(MATERIAL PROVIDED begins)
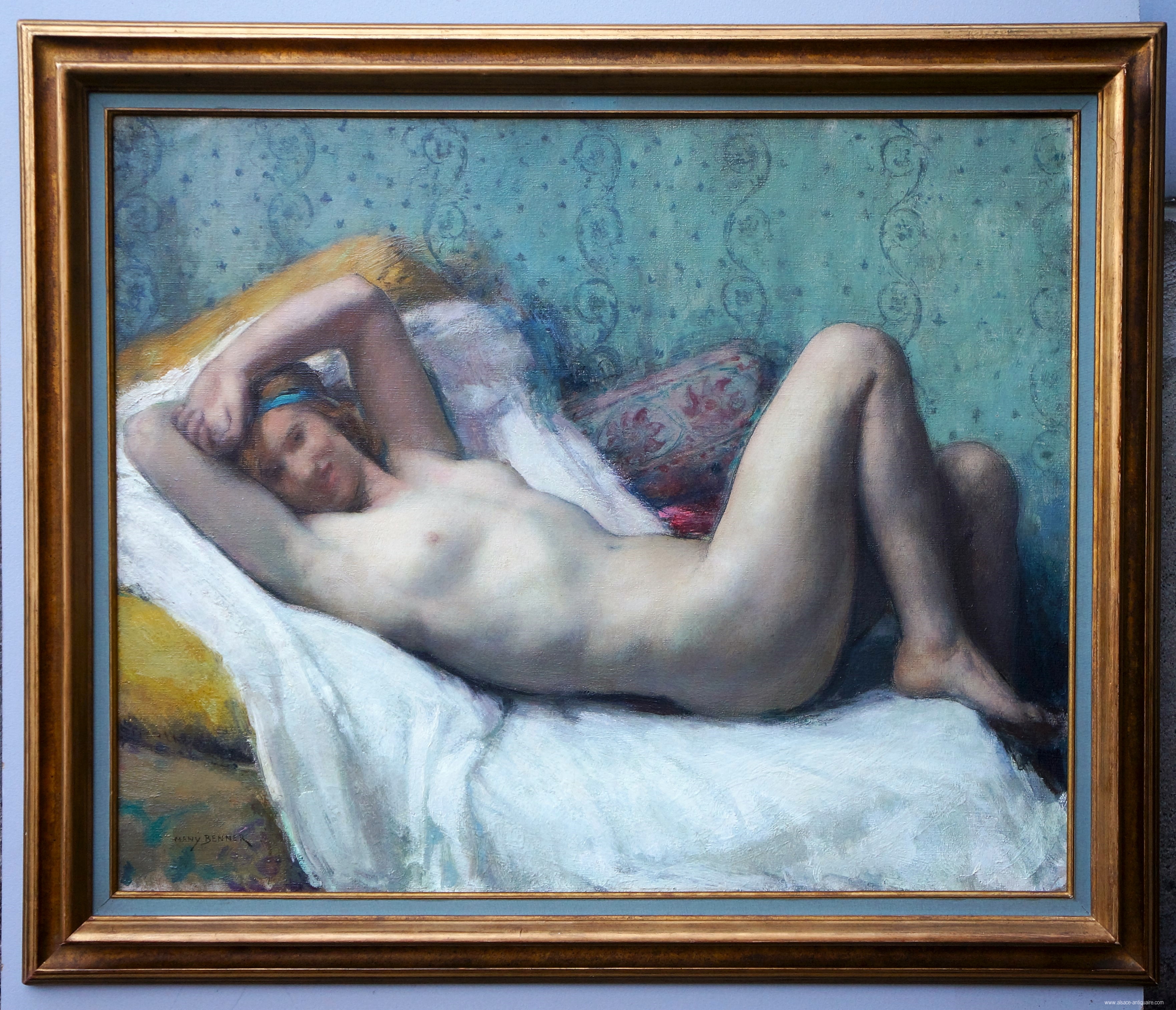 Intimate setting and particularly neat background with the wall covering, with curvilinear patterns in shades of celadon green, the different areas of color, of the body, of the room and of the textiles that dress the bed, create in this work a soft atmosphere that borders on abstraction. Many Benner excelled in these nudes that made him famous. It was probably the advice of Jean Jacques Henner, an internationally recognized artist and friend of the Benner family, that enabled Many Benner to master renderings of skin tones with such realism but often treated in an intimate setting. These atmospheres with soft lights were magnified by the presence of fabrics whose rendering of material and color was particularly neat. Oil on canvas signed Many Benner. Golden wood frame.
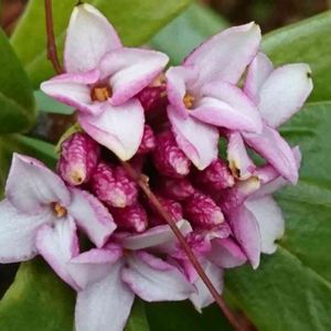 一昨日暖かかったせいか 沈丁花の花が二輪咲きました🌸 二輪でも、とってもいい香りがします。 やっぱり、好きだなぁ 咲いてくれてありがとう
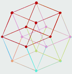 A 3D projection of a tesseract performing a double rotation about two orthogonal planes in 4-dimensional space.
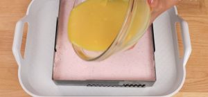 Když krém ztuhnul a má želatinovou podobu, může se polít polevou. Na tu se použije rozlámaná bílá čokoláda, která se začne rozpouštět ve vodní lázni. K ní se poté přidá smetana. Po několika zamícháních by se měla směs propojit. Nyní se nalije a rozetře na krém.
(MATERIAL PROVIDED ends)
WORK REQUEST
Beginning with the line that includes "一昨日暖かかったせいか 沈丁花の花が二輪咲きました🌸 二輪でも、とってもいい香りがします。" and ending with the last line of the material, reproduce those lines exactly and nothing else, with no pictures.

RESPONSE
 一昨日暖かかったせいか 沈丁花の花が二輪咲きました🌸 二輪でも、とってもいい香りがします。 やっぱり、好きだなぁ 咲いてくれてありがとう
 A 3D projection of a tesseract performing a double rotation about two orthogonal planes in 4-dimensional space.
 Když krém ztuhnul a má želatinovou podobu, může se polít polevou. Na tu se použije rozlámaná bílá čokoláda, která se začne rozpouštět ve vodní lázni. K ní se poté přidá smetana. Po několika zamícháních by se měla směs propojit. Nyní se nalije a rozetře na krém.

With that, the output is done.